The aliens of District 9 may have landed in South Africa, but they were born in Canada.
The startlingly realistic effects of the science-fiction thriller are the handiwork of Vancouver studios Image Engine, The Embassy and Zoic, all of which contributed to the extraterrestrial "prawns" and their bio-mechanized weaponry.
The Canadian connection isn't entirely surprising since director and co-writer Neill Blomkamp lives in Vancouver.
So when Weta Digital -- producer Peter Jackson's New Zealand-based effects house -- was unable to complete the District 9 workload, the first-time feature director turned to the technicians he knew from his own background as a computer animator, visual-effects designer and commercial helmer.
"Weta couldn't handle it because they were working on James Cameron's Avatar, which has consumed all of New Zealand," Blomkamp says of the Titanic director's Christmastime 3D epic.
In the end, while Weta contributed the crippled alien mothership that hovers over Johannesburg, the Vancouver outfits provided the bulk of the film's 600-plus visual-effects shots.
For the 29-year-old Blomkamp, District 9 marks both a professional -- and intensely personal -- triumph.
Back in 2006, Jackson -- the Oscar-winning filmmaker behind the Lord of the Rings trilogy -- selected Blomkamp to helm the film adaptation of the massively popular video game Halo, which Jackson's Wingnut studio was producing. After months of work on the project, though, the movie collapsed -- with some reports suggesting Blomkamp had let the budget balloon out of control.
"Complete bulls---," he says now.
Disappointed but determined to work with the young filmmaker, Jackson offered to produce Blomkamp's next project -- and shield him from similar studio interference. Thus was born the buzzed-about District 9, which -- with a cast of unknowns and a paltry $30-million budget -- is earning raves from critics and fanboys alike.
"I feel incredibly lucky to have a renowned filmmaker like Peter Jackson fighting for me in my corner," he tells Sun Media. "I'd call him my guardian angel."
What distinguishes -- and elevates -- District 9 from the typical Hollywood blockbuster is that, for all its aliens and action, it's also a political allegory. Transformers 2, it's not.
Set two decades after a spacecraft appeared over Johannesburg, the story picks up with the extraterrestrials segregated, exploited and abused.
The parallels to Apartheid are as unavoidable as they are intentional. Blomkamp grew up in South Africa until the age of 18 when his family moved to Vancouver. "The story is a product of its setting."
And there are further parallels as well to, among other modern-day controversies, the war in Iraq.
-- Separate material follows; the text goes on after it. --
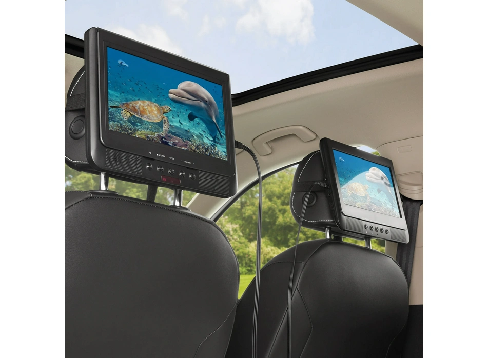 Dual Displays: Features two 10-inch TFT LCD color displays with a 1024 x 600 native resolution and a 16:9 aspect ratio for shared viewing.

District 9's villains aren't the alien refugees but the private military contractors who terrorize and experiment on the extraterrestrials in the hopes of profiteering from their advanced technology.
Still, Blomkamp struggled to avoid making a movie that was too "self-serious and ponderous."
Eventually the Vancouver Film School grad -- with a script co-penned by Terri Tatchell -- believes he achieved a balance between satire, statement and a "Hollywood ride" with thrilling action and characters you're invested in. Key to the latter is the performance of Sharlto Copley as the bureaucrat who becomes an unwitting alien ally. Remarkably, Copley, an old friend of Blomkamp, had never acted before District 9.
"I'm more interested in seeing what happens to him than what happens to me," the director says.
What's probably not next for the director are further flirtations with big-budget studio productions a la Halo.
"Unless you're Peter Jackson or Ridley Scott, you're probably not going to be able to do what you want to do, so I don't understand what the point would be," he says, musing about establishing a "Pacific Northwest film centre" a la Robert Rodriguez's Texas-based Troublemaker compound or Jackson's own New Zealand-based independent-of-Hollywood empire. "I'd just like to keep doing what I'm doing."